Johannes Gross

aus: „Notizbuch“ – Seite 22 (27. März 1981)

Woher kommt die Beliebtheit der Gesinnungskontrolle bei Deutschen (und Amerikanern)? Es gibt eine sich ausbreitende Gereiztheit, wenn eine Auffassung sich ausspricht, die nicht geteilt wird, bei im übrigen großer praktischer Toleranz – Leute verteilen keine Ohrfeigen, aber in ihrem Inneren sammelt sich das Ressentiment. Der Anteil der Blockwarte, der Spruchkammer-Vorsitzenden und die Bereitschaft, solche Ämter – auch in Geschäftsführung ohne Auftrag – zu übernehmen, scheint unerfreulich hoch. – Mir fällt die Bemerkung von H.L. Mencken ein, daß der Puritanismus die Furcht sei, es könne irgend jemand irgendwo doch glücklich sein.
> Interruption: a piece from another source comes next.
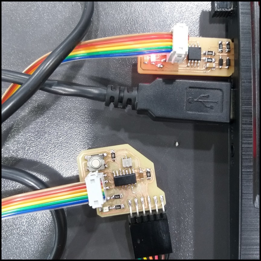 Step 2: Connect the board to FabTiny programmer through the SPI cable. Connect the FTDI cable to the board through FTDI header. Make sure that you connect cables in the right direction such that the board, SPI cable and FTDI cable have the same GND. Connect the programmer and the FTDI cable to USB ports.

Die Lust an der Ausübung von Sozialkontrolle wird sich wohl aus Ähnlichem speisen wie die Befürchtung, daß es anderen besser gehe, daß sie sich und die Welt genießen und sich Freiheiten herausnehmen, die vielleicht allen zugänglich sind, die sie aber nicht zu nutzen wagen oder zu nutzen verstehen.